With ProCare Cobalt will make most of the ongoing changes to the dealer websites. As most dealerships don’t do a very good job of keeping their websites current this might sound like an attractive option. The charge is $599 a month plus a one-time set-up charge of $600. Dealers need to understand that they still need to have someone responsible for requesting that needed changes be made.
GM Certified Internet Manager Training
The Certified Internet Manager program is the same thing as the previously known GM BuyPower certification program. If your Internet salesperson has already been certified with the GM BuyPower program, they do not have to complete any other training. The Certified Internet Manager training is the same as they completed before. Dealerships that select the GM-provided contact tool will need to have someone trained in its use.
GM 3rd Party Lead Program
This seems to be the area of most confusion. Essentially, this program is the same as the current GM third-party lead program that most dealers already participate in. These leads come from a variety of sources outside of GM, and the quality of the leads has been somewhat inconsistent. Dealerships currently receiving leads from third-party providers need to discuss their current situation with those lead providers, but in very few instances will the GM third party program replace those leads effectively.
The actual arrangements between GM and the third-party providers that provide leads under this program varies, and the process that determines how these leads will be distributed amongst dealer market areas is complicated. The larger lead providers have been assuring their client dealerships that the leads they are purchasing directly from them will not be shared or duplicated through the GM program.
The cost for the GM third-party lead program is based on a sliding scale for the number of leads received, and appears to be the same as the current program.
OneSource Contact Tool
As part of the new OneSource lead-delivery portal, dealerships are required to use some kind of electronic Internet prospect management tool. GM is making one available that is provided by Canadian firm Strategic Connections, as part of the OneSource enrollment process for a small monthly charge.

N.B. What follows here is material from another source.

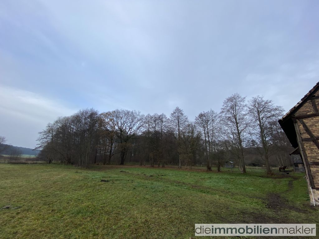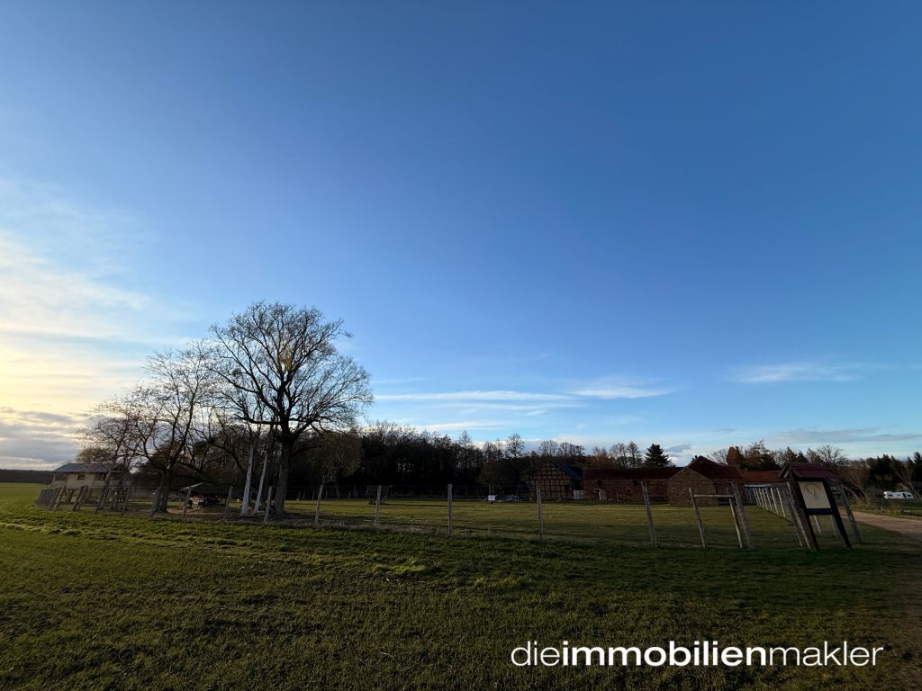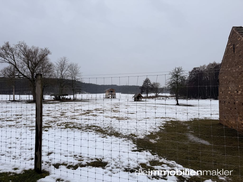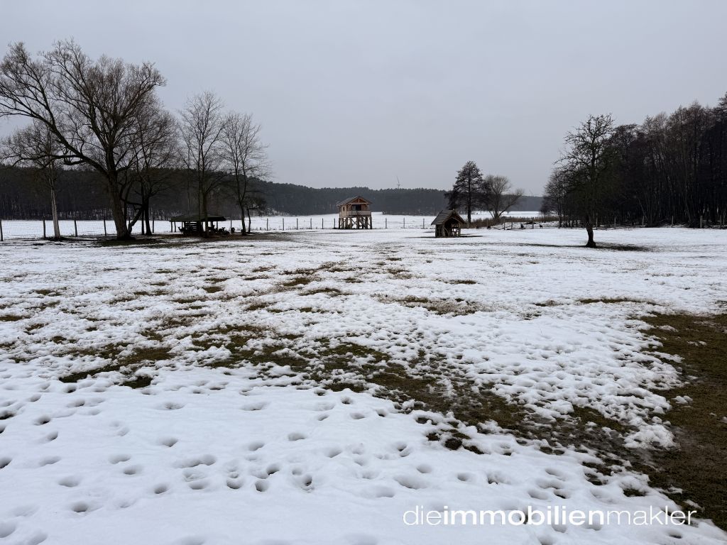 sich eine große Grünfläche, die ideale Voraussetzungen für Weidehaltung bietet. Aktuell wird das Areal zur Haltung von Dammwild genutzt, was die Eignung des Grundstücks für Tier- oder Pferdehaltung eindrucksvoll unterstreicht.

Dealers are not required to use this tool, but whatever tool they do use must be “certified” for use with GM OneSource. The certification process that third-party companies must complete is relatively complex from a programming standpoint, but most reputable providers should not have a problem obtaining this status.

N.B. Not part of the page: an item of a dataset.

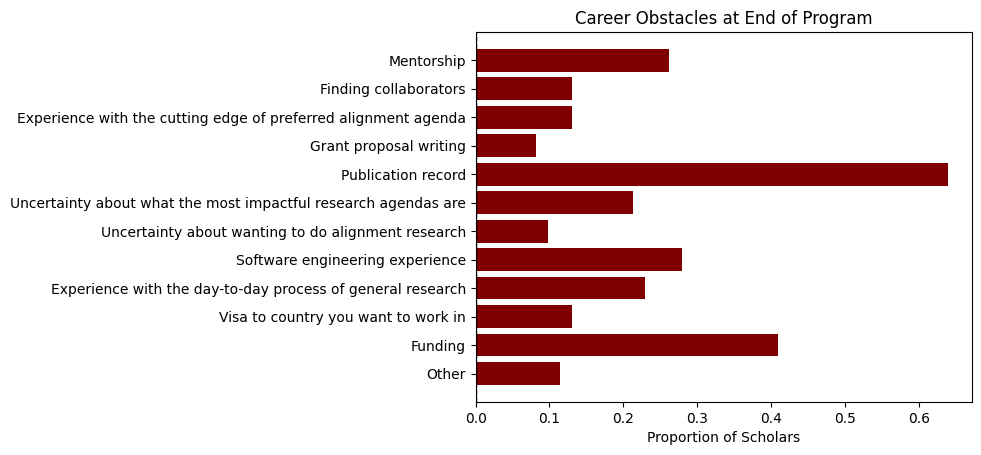 Similarly to last summer’s program, publication record was the career obstacle faced by more scholars than any other. While funding was the second-highest obstacle, we can see that challenges with writing grant proposals decreased dramatically, making it the least important obstacle for alumni leaving our Winter program, and indicating that grant writing is not a primary obstacle for obtaining funding. We attribute this improvement to the updated Research Plan milestone, designed around the LTFF grant application, and associated theory of change and grant application workshops. Additionally, the Strategy Discussion Groups might have helped scholars write theories of change.

The tool available through GM will accomplish the basic necessities of Internet prospect management, but dealers who wish to consider their options should carefully evaluate salesperson ease of use, the level of automated-management reporting, and the support (both technical and on-going training) that is provided by the company providing the tool.
The OneSource initiative represents a significant and necessary step for GM. In addition to streamlining their lead delivery process it will enable them to more effectively measure the effectiveness of their Internet marketing budget, which now represents a substantial portion of their advertising expenditure.

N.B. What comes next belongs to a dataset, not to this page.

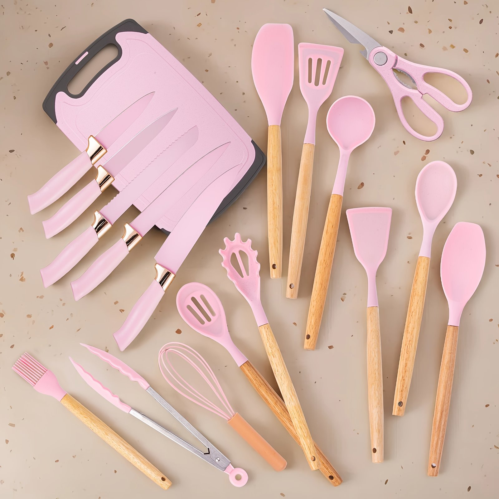 19pcs Kitchen Knife And Utensil Collection, Featuring a Nonstick Black Knife Set with Wooden Grips, Silicone Cooking Tools, a Cutting Board, Scissors, And a Holder, Ideal Gift for Parents

It has some drawbacks that are common to factory programs of this magnitude, but its long-term benefits outweigh the negatives.
OneSource will also force dealers to confront the current state of their Internet sales efforts. Dealers who haven’t yet had opportunity to structure their dealerships appropriately in response to the growing Internet prospect market will have to come to the knowledge table. As dealers have been told for quite some time now, the Internet is real and it’s here to stay. OneSource is a step forward in the evolution that will ultimately help dealers capitalize on this opportunity.